Exercise directions: Among the entries below, one stretch runs from the line that contains "Instructions de montage, d‘utilisation" through the line that contains "Convide seus hóspedes". Repeat that stretch exactly, ends included, and only that.

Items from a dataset
╔══
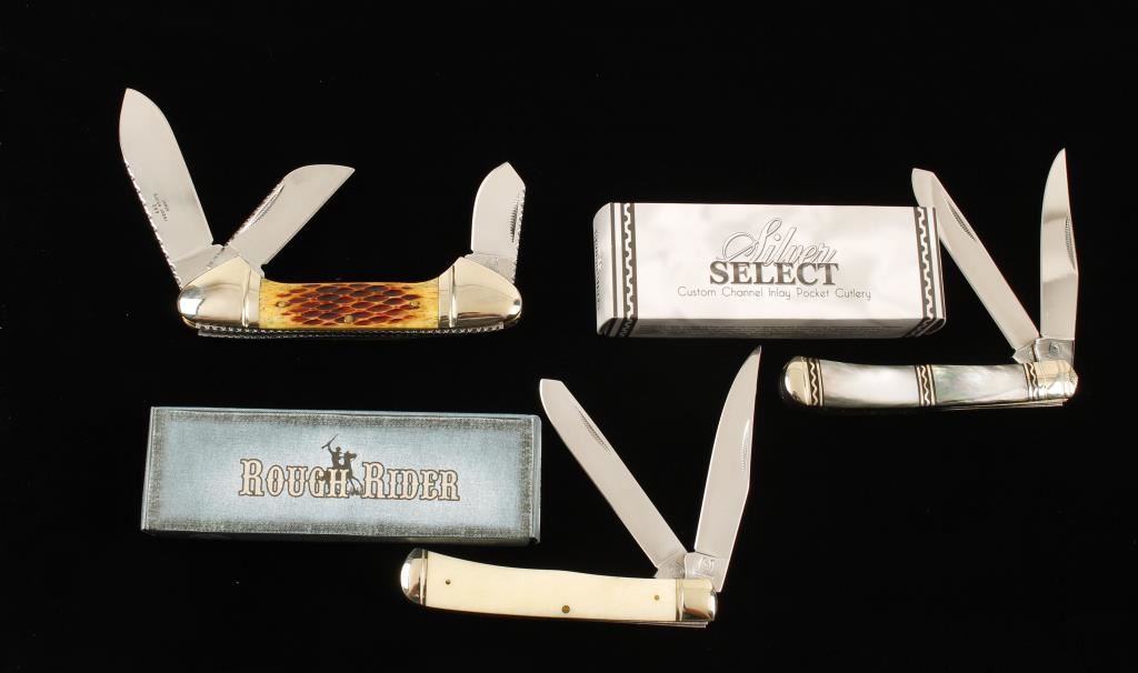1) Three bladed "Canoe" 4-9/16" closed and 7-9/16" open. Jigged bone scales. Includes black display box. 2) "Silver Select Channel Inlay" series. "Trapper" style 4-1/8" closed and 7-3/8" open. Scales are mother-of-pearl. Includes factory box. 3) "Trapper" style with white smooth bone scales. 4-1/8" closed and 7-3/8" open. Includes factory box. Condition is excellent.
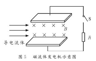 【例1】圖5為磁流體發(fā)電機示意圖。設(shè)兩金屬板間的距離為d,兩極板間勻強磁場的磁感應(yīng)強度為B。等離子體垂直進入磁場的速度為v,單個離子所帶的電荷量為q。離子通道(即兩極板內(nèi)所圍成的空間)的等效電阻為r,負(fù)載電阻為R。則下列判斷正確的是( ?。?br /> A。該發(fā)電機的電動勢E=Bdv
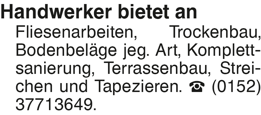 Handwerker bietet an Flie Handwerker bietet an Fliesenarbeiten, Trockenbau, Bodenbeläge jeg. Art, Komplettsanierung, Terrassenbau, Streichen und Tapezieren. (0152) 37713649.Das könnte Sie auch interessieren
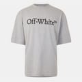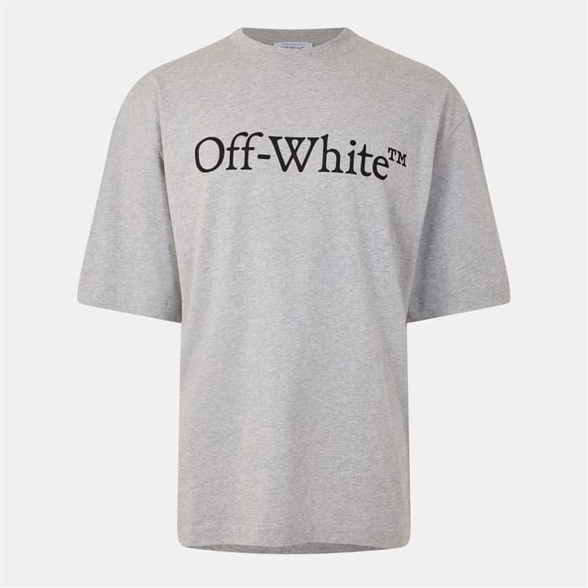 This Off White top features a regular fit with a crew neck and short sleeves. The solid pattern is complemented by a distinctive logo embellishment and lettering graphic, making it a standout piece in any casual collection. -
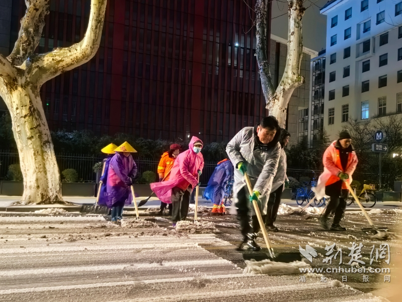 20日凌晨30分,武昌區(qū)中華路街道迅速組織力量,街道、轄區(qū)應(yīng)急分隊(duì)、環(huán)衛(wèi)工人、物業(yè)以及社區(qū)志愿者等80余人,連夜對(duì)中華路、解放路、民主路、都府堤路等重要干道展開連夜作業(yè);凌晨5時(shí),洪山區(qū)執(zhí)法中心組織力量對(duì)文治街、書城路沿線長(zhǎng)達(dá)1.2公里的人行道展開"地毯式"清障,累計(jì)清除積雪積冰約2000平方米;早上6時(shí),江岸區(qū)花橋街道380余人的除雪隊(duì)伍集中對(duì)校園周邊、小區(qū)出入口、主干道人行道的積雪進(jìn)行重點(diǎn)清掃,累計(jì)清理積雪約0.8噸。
╚══
╔══
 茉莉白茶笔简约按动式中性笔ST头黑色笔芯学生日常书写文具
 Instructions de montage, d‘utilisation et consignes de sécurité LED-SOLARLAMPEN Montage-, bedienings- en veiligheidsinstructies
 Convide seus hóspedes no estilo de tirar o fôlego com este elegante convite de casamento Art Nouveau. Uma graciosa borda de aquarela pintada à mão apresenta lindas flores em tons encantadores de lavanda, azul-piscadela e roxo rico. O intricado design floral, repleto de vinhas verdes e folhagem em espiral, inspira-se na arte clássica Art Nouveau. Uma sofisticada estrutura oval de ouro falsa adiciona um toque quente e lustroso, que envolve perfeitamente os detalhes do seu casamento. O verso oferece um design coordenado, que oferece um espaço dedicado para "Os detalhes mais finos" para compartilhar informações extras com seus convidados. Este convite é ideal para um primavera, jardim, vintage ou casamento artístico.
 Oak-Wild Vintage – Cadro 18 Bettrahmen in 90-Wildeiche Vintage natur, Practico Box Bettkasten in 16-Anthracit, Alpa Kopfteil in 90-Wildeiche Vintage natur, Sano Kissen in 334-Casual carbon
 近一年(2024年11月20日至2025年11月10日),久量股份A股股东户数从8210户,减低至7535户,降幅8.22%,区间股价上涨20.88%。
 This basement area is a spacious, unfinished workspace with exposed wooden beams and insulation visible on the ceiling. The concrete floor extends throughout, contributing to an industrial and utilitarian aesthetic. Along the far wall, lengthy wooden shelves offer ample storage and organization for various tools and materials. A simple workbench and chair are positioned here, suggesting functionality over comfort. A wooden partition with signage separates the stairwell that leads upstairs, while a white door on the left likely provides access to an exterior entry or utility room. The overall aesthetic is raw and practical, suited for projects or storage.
╚══
Problem solution:
 Instructions de montage, d‘utilisation et consignes de sécurité LED-SOLARLAMPEN Montage-, bedienings- en veiligheidsinstructies
 Convide seus hóspedes no estilo de tirar o fôlego com este elegante convite de casamento Art Nouveau. Uma graciosa borda de aquarela pintada à mão apresenta lindas flores em tons encantadores de lavanda, azul-piscadela e roxo rico. O intricado design floral, repleto de vinhas verdes e folhagem em espiral, inspira-se na arte clássica Art Nouveau. Uma sofisticada estrutura oval de ouro falsa adiciona um toque quente e lustroso, que envolve perfeitamente os detalhes do seu casamento. O verso oferece um design coordenado, que oferece um espaço dedicado para "Os detalhes mais finos" para compartilhar informações extras com seus convidados. Este convite é ideal para um primavera, jardim, vintage ou casamento artístico.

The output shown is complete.